On first hearing, as intended, that sounds like a pastiche of grief-counselling triteness. But by the time Stiller repeats it, in a beautifully delivered soliloquy about fatherhood, the rapprochements have imbued it with a simple, moving profundity. What else, when you think about it, need be said?

Hoffman is predictably great as an embittered narcissist who illustrates the truth of Gore Vidal’s “Every time a friend succeeds, something inside me dies” by storming out of a mate’s art exhibition in fury at his own lack of recognition. He thinks he is a genius, and one of the boys feels compelled to agree, only because “otherwise he’s just a prick”. The other speculates that sometimes there’s a reason for being undiscovered.

With Emma Thompson hilarious as Maureen, Harold’s boho and sozzled third wife, and Grace Van Patten enchanting as Eliza, this is ensemble acting of the highest order.

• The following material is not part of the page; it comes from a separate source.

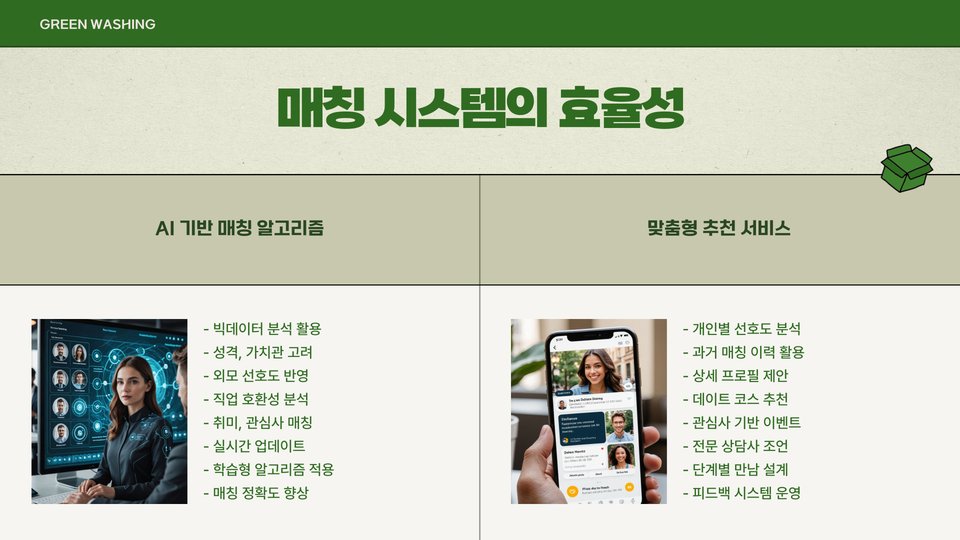 일부 회사는 데이터를 기반으로 한 알고리즘을 사용하여 매칭하는 반면, 다른 회사는 전통적인 상담 방식에 의존할 수 있습니다. 데이터 기반의 접근 방식은 빠르고 효율적인 매칭을 가능하게 하지만, 인간적인 면이 부족할 수 있습니다. 반면, 상담 방식은 시간을 요구하나, 고객의 세밀한 이해를 돕는 장점이 있습니다.

There are irritations beside the title. The cutting away from scenes mid-sentence is a comedic flourish best suited for the editing suite bin. As the film develops, the laughs thin out, and the suspicion grows that this is a film version of a play yet to be staged.

But these are minor moans about a clever, thoughtful, elegantly wistful examination of the organic family’s resilience. Despite their meanderings and lunacies, for all the estrangements and resentments, however wounded and limping, it has a miraculous ability to survive.

So it is here. Once the Meyerowitz grievances have been aired, a sprinkling of love, forgiveness and gratitude dusts the decades of resentment with the icing of cartharsis. And with that, far too early but better that than never, a miserable Festivus to you all.